Hello! I’m newbie in dgl.
Graph: One item graph (No node features and edge types/features)
- #nodes: 37490
- #edges (train): 23,670,982
- #edges (valid) : 55,898
- #edges (test): 5,930,093
Task: Get the graph embedding by means of link prediction in an unsupervised way
I tried to get a graph embedding using GraphSAGE on one big graph as above (seems to be small but big in my local GPU machine). Because I got the GPU OOM problem with full batch. So, the basic idea was to use blocks for mini-batch and negative sampling.
Basically, I followed these two tutorials
- For link prediction
- For mini-batch using dgl.to_block
This is code snippet in Trainer Class and, applied NeighborSampler (based on dgl.sampling.sample_neighbors)
self.g_all.readonly()
self.train_eids, self.valid_eids, self.test_eids = self.split_edges(self.g_all)
self.g_sub_train = self.g_all.edge_subgraph(self.train_eids, preserve_nodes=True)
self.train_nids_src, self.train_nids_dst = self.g_all.find_edges(self.train_eids)
self.g_all_hetero = dgl.as_heterograph(self.g_all)
self.neighbor_sampler = NeighborSampler(g=self.g_all_hetero, num_fanouts=[10, 25])
def _train_epoch(self, epoch):
self.model.train()
BATCH_SIZE = 1000
train_dataloader = torch.utils.data.DataLoader(np.unique(self.train_nids_src.numpy()), batch_size=BATCH_SIZE,
collate_fn=self.neighbor_sampler.sample, shuffle=True,
drop_last=False)
features = self.model.encoder.weight
for g_train_blocks in train_dataloader:
input_nodes = g_train_blocks[0].srcdata[dgl.NID]
input_features = features[input_nodes]
output_nodes = g_train_blocks[-1].dstdata[dgl.NID]
emb = self.model(g=g_train_blocks, features=input_features)
pos_g, neg_g = edge_sampler(self.g_sub_train, self.model.neg_sample_size, return_false_neg=False)
pos_score = score_func(pos_g, emb)
neg_score = score_func(neg_g, emb)
train_loss = torch.mean(NCE_loss(pos_score, neg_score, self.neg_sample_size))

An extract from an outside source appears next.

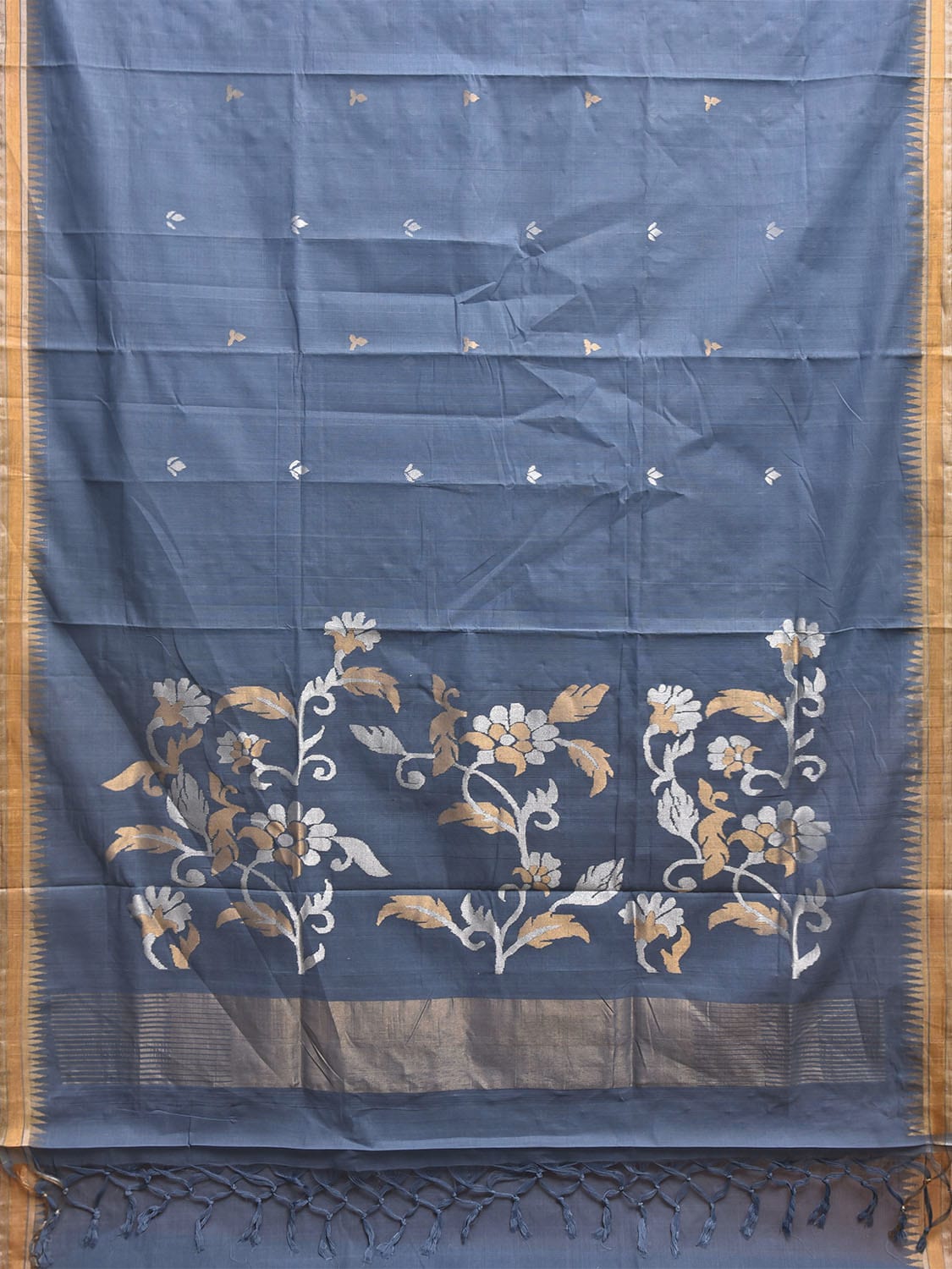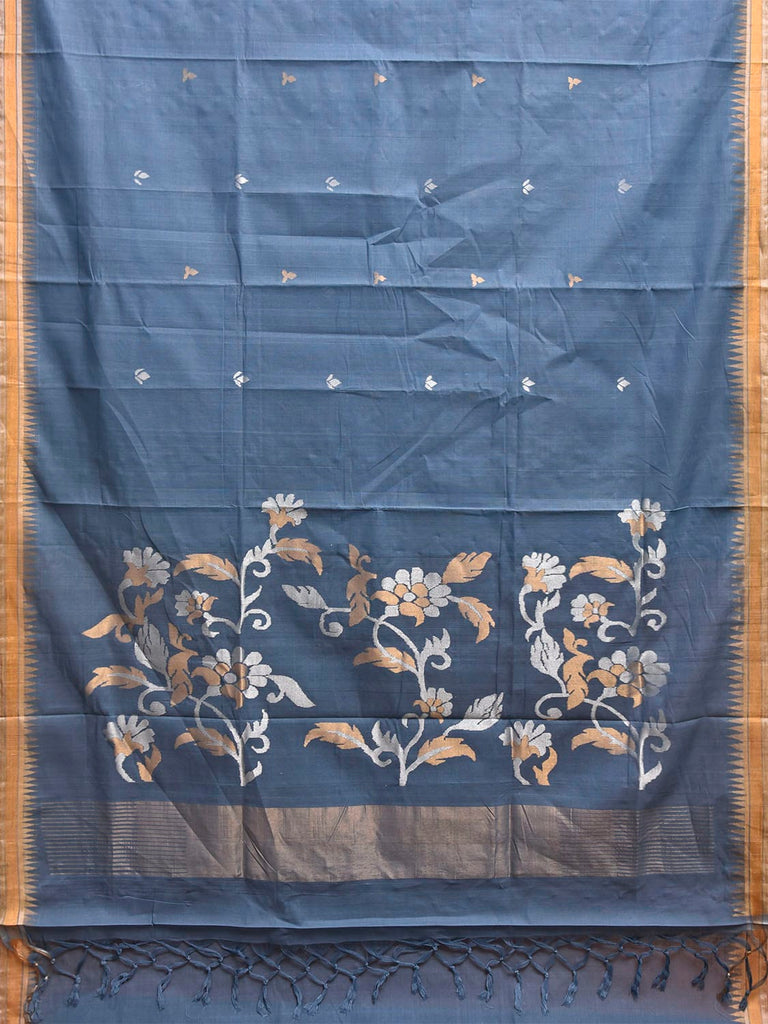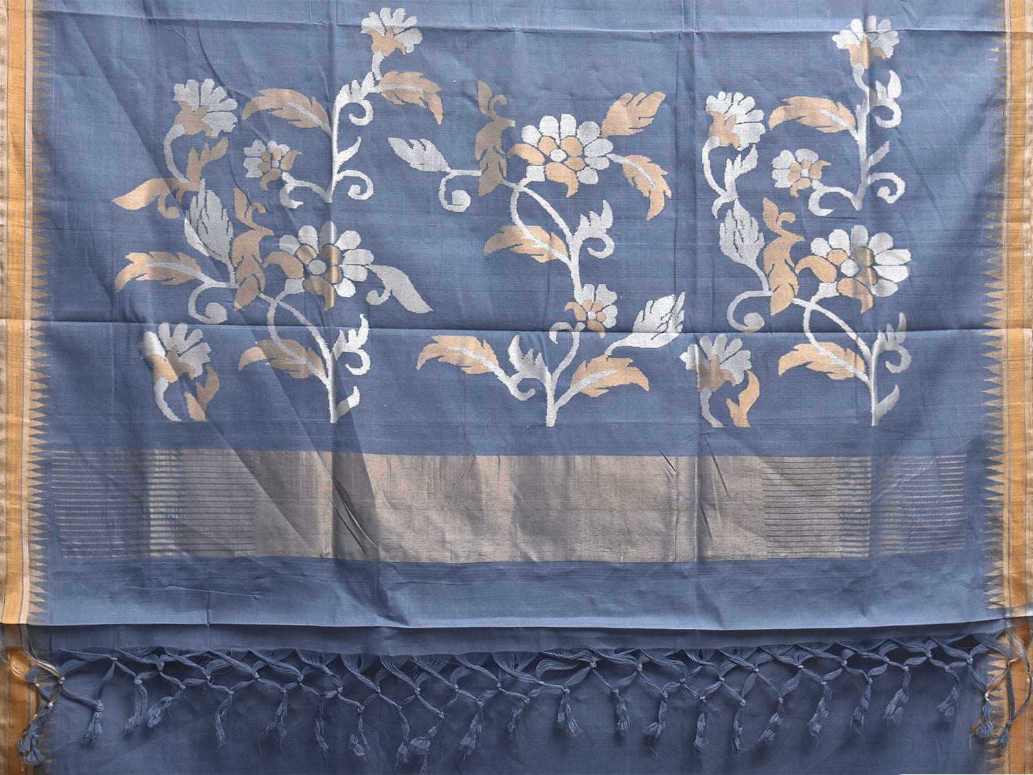 Light Blue Khadi Cotton Handloom Saree with Floral Pallu Design. Khadi saree is primarily woven from cotton and may also include silk, or wool. It is a versatile fabric, cool in summer and warm in winter. For fabric care we advise dry clean.

self.optimizer.zero_grad()
train_loss.backward()
self.optimizer.step()
torch.cuda.empty_cache()
val_loss, val_mrr = LPEvaluate(self.model.gconv_model, self.g_all, features, self.valid_eids,
self.model.neg_sample_size)
However, I encountered the problem in edge_sampler (using dgl.contrib.sampling.EdgeSampler) with block graph.
-
While using blocked_graph for edge sampler, I found dgl.contrib.sampling.EdgeSampler only support dgl.DGLGraph not dgl.HeteroGraph.
-
So, I used ‘g_sub_train’ graph (as dgl.DGLGraph) having original number of nodes to get pos_g and neg_g. However, as a result, the ‘emb’ calculated from the model (emb = self.model(g=g_train_blocks, features=input_features)) having different dimension (with #output_nodes). Then, should I integrate this ‘emb’ into original features (with original feature dimension)?
Actually, I don’t know well I’m doing in right way to fulfill the task So, please suggest me anything or reference.